**GIVEN INFORMATION**
****************

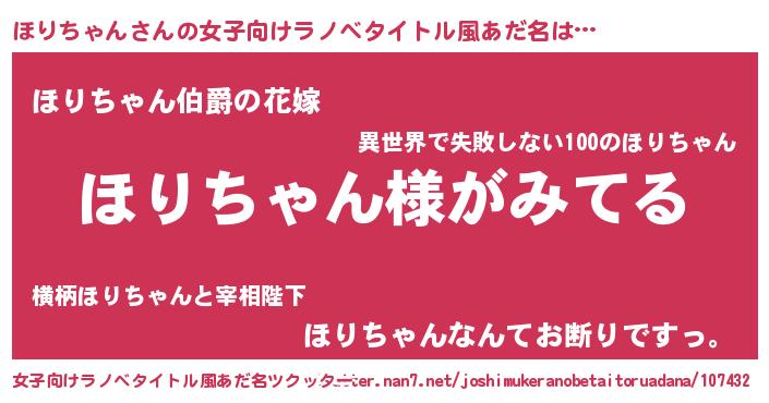| 男性向けラノベタイトル風あだ名 | 『ほりちゃんの嫁は女の子じゃないと思った?』 |
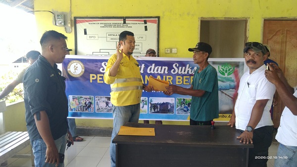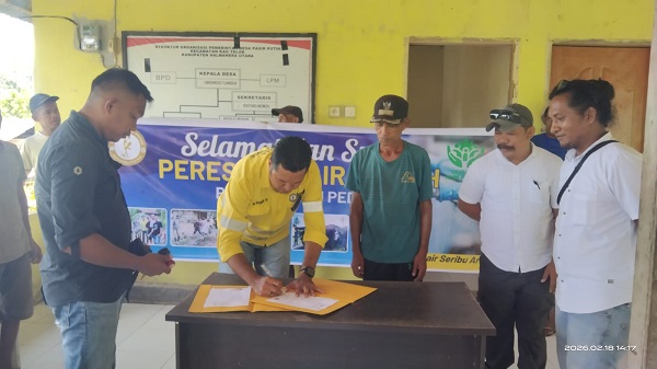 Peresmian serta penandatanganan berita acara serah terima revitalisasi sarana air bersih kepada pihak desa dilaksanakan pada Rabu (18/02/2026) di Balai Desa Pasir Putih. Kegiatan tersebut dihadiri Pemerintah Desa, Badan Permusyawaratan Desa (BPD), perwakilan masyarakat penerima manfaat, serta tim NHM Peduli.
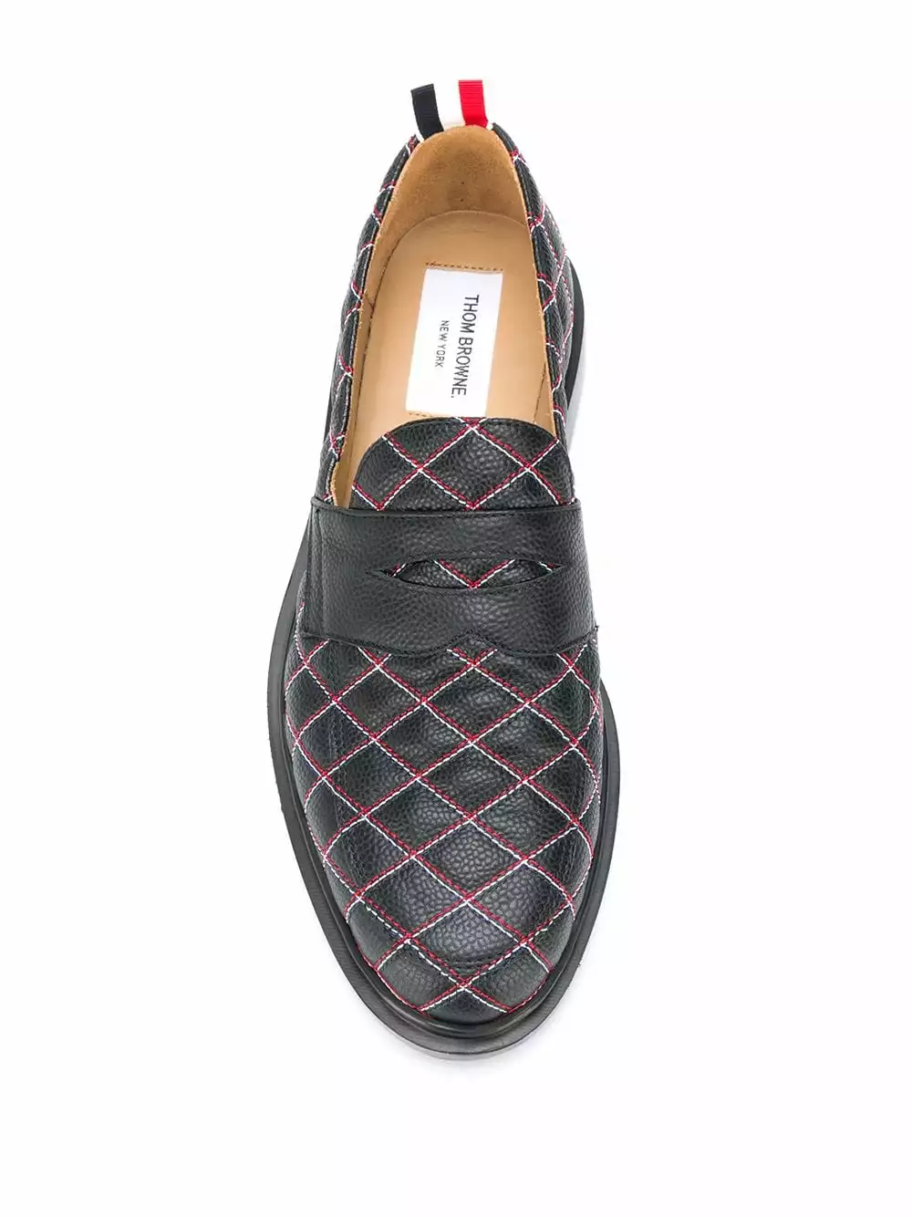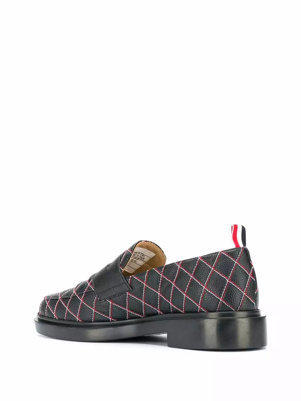 We are honoured to bring you these fabulous quilted loafers from Thom Browne. The black, calf leather loafers feature a quilted finish, logo pull-tab at the heel, flat leather sole, slip-on style and contrast stitching. Slip on and slip out.
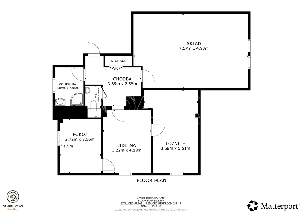 - Podkroví: nedokončená bytová jednotka 3+kk (užitná plocha 87 m²)

****************

**WHAT THE TASK ASKS**
Print the listing word for word but skip its pictures.

**THE COMPLETED TASK**
| 男性向けラノベタイトル風あだ名 | 『ほりちゃんの嫁は女の子じゃないと思った?』 |
 Peresmian serta penandatanganan berita acara serah terima revitalisasi sarana air bersih kepada pihak desa dilaksanakan pada Rabu (18/02/2026) di Balai Desa Pasir Putih. Kegiatan tersebut dihadiri Pemerintah Desa, Badan Permusyawaratan Desa (BPD), perwakilan masyarakat penerima manfaat, serta tim NHM Peduli.
 We are honoured to bring you these fabulous quilted loafers from Thom Browne. The black, calf leather loafers feature a quilted finish, logo pull-tab at the heel, flat leather sole, slip-on style and contrast stitching. Slip on and slip out.
 - Podkroví: nedokončená bytová jednotka 3+kk (užitná plocha 87 m²)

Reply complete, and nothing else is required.